Laboratory of Stem Cell Biology, Divisions of Immunology, Cell and Molecular Biology, Torrey Pines Institute for Molecular Studies, 3550 General Atomics Court, San Diego, California 92121, USA.
Virology. 2010 Jun 5;401(2):131-6. doi: 10.1016/j.virol.2010.03.005. Epub 2010 Mar 24.
HIV-1 V3 loop clones of virus isolates derived from patients suffering from thrombocytopenia were used for infection of the human thymus/liver conjoint hematopoietic organ that developed in the severe combined immunodeficient mouse (SCID-hu Thy/Liv). The V3 loop clones showed a significantly greater degree of inhibition of megakaryopoiesis than myelopoiesis and erythropoiesis of the human CD34+ progenitor cells, in vivo. Inhibition of megakaryopoiesis occurs through reduction in c-Mpl expression and consequent decrease in STAT5 activation. Therefore HIV-1 V3 loop sequences of thrombocytopenic patients exhibit preferential inhibition of megakaryocyte lineage-specific differentiation of CD34+ progenitor cells, thus reflecting the patients' clinical condition.

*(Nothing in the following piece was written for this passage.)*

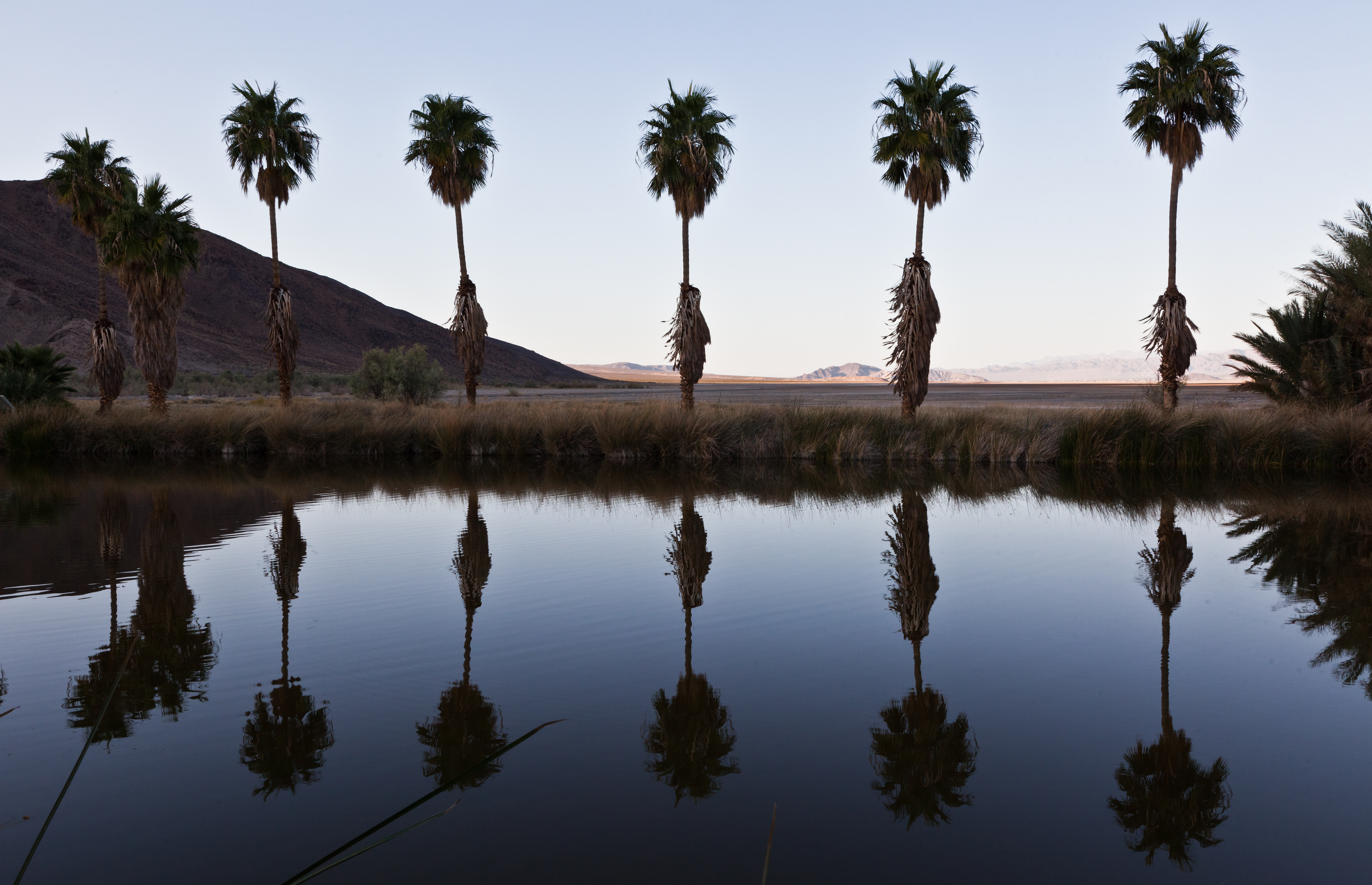 CA Fan Palms Reflect in Lake Tuendae Oasis at Zzyzx. Lake Tuendae the Oasis artificial pond at Zzyzx Desert Studies Center, in the Mojave Desert. Washingtonia filifera (filifera - Latin "thread-bearing"), with the common names California Fan Palm [1], Desert Fan Palm, Cotton palm, and Arizona Fan Palm. It is a palm native to southwestern North America between an elevation range of 100–1,200 metres (330–3,900 ft), at seeps, desert bajadas, and springs where underground water is continuously available. From a weekend University of Riverside birding class 112−CPF−F62, Oct 21-23, 2011, at the Desert Studies Center at Zzyzx, CA, led by instructor Kurt Leuschner KLeuschner [at} collegeofthedesert d o t edu. AKA Birds of the Mojave Desert BIOL X404.2 Photo © 2011 “Mike” Michael L. Baird, mike {at] mikebaird d o t com, , Canon EOS 5D Mark II 21.1MP Full Frame CMOS Digital SLR Camera with EF 24-105mm f/4 L IS USM Lens, tripod, circular polarizer, RAW.

从患有血小板减少症的患者中分离出的 HIV-1 V3 环病毒分离株的克隆被用于感染在严重联合免疫缺陷小鼠(SCID-hu Thy/Liv)中发育的人胸腺/肝联合造血器官。V3 环克隆在体内显著抑制巨核细胞生成的程度大于对人 CD34+祖细胞的骨髓生成和红细胞生成的抑制。巨核细胞生成的抑制是通过减少 c-Mpl 表达和随之而来的 STAT5 激活减少而发生的。因此,血小板减少症患者的 HIV-1 V3 环序列表现出对 CD34+祖细胞的巨核细胞谱系特异性分化的优先抑制,从而反映了患者的临床状况。